→ **Problem details**: Your answer must be the lines from the top of the listing below through the line that holds "patona platinum szybka", retyped exactly, with no pictures.

[Opening Information shown section]

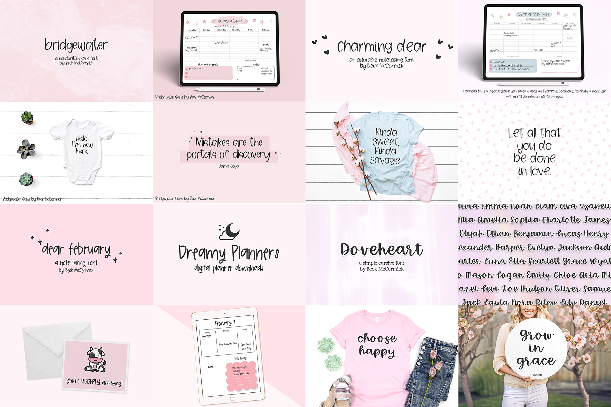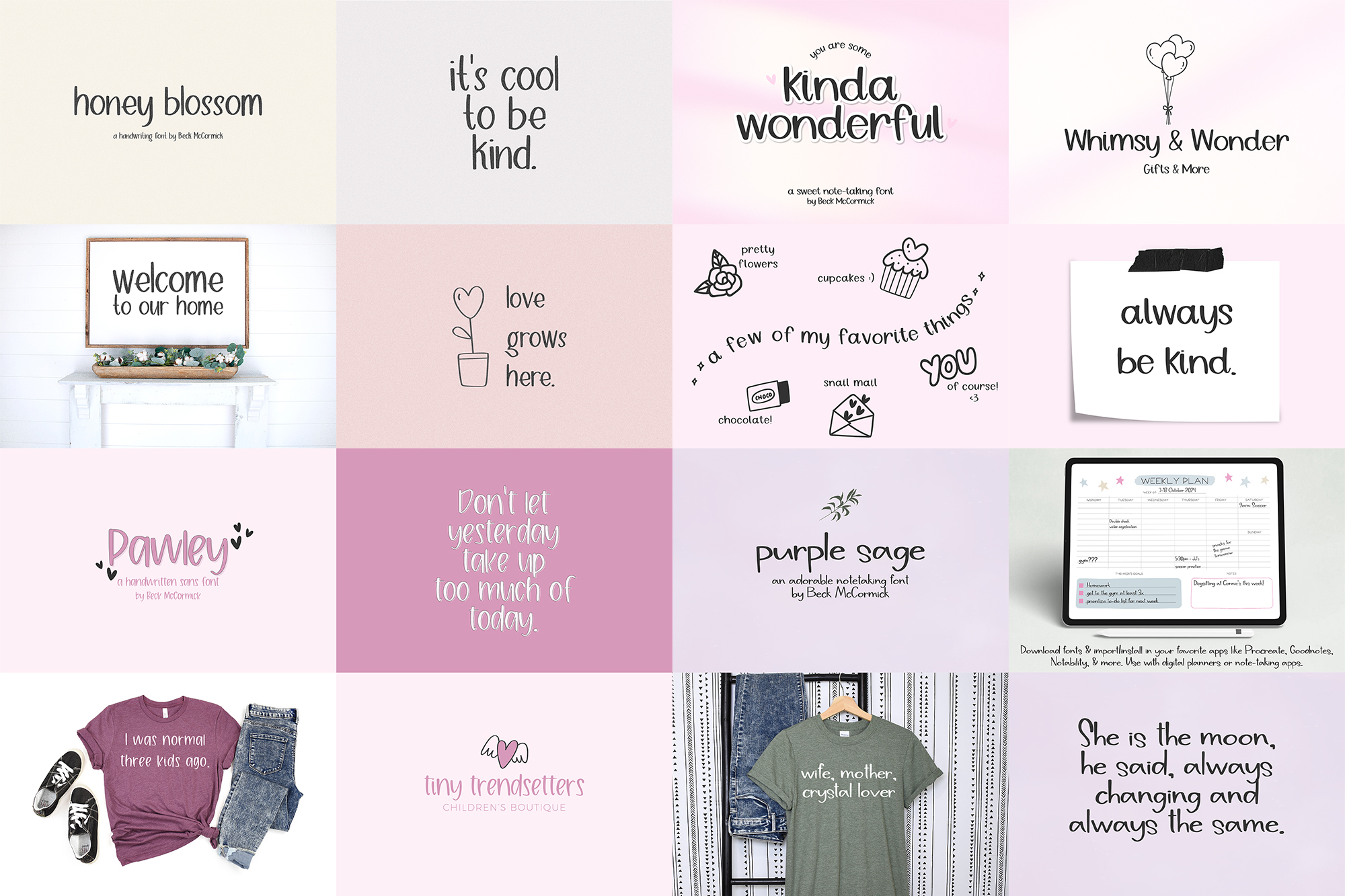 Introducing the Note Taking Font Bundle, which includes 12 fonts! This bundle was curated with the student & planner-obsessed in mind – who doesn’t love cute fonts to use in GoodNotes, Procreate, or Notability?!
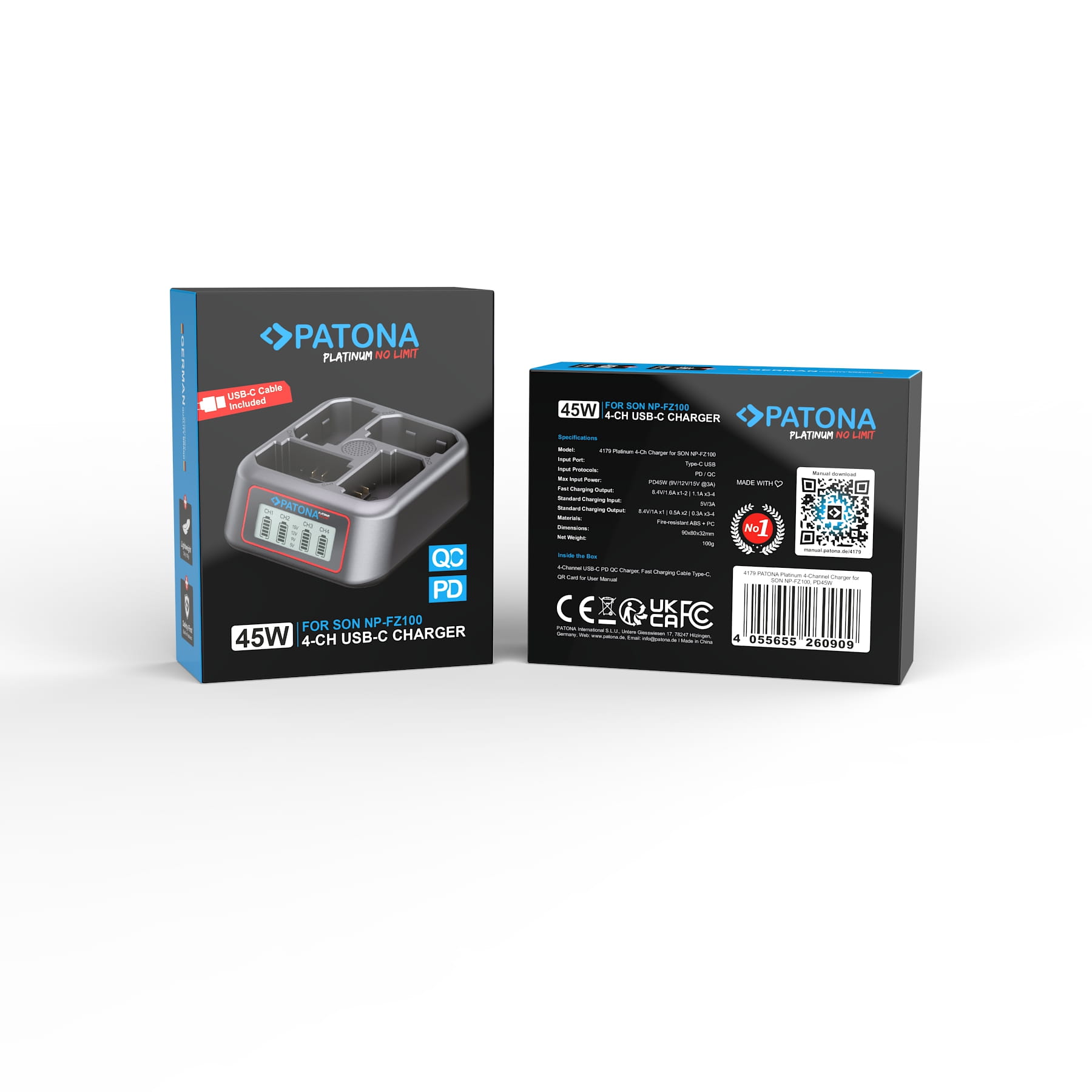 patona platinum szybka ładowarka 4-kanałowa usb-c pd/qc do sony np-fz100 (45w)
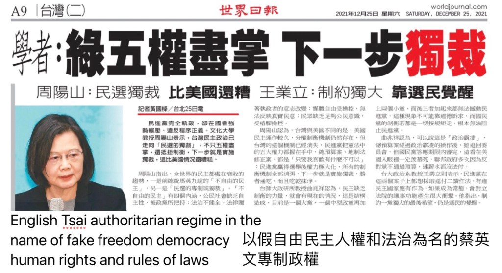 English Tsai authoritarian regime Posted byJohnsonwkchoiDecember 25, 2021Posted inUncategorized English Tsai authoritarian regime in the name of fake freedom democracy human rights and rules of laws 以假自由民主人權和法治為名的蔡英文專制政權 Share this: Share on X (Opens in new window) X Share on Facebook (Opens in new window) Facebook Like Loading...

[Closing Information shown section]

→ **Completed exercise**:
 Introducing the Note Taking Font Bundle, which includes 12 fonts! This bundle was curated with the student & planner-obsessed in mind – who doesn’t love cute fonts to use in GoodNotes, Procreate, or Notability?!
 patona platinum szybka ładowarka 4-kanałowa usb-c pd/qc do sony np-fz100 (45w)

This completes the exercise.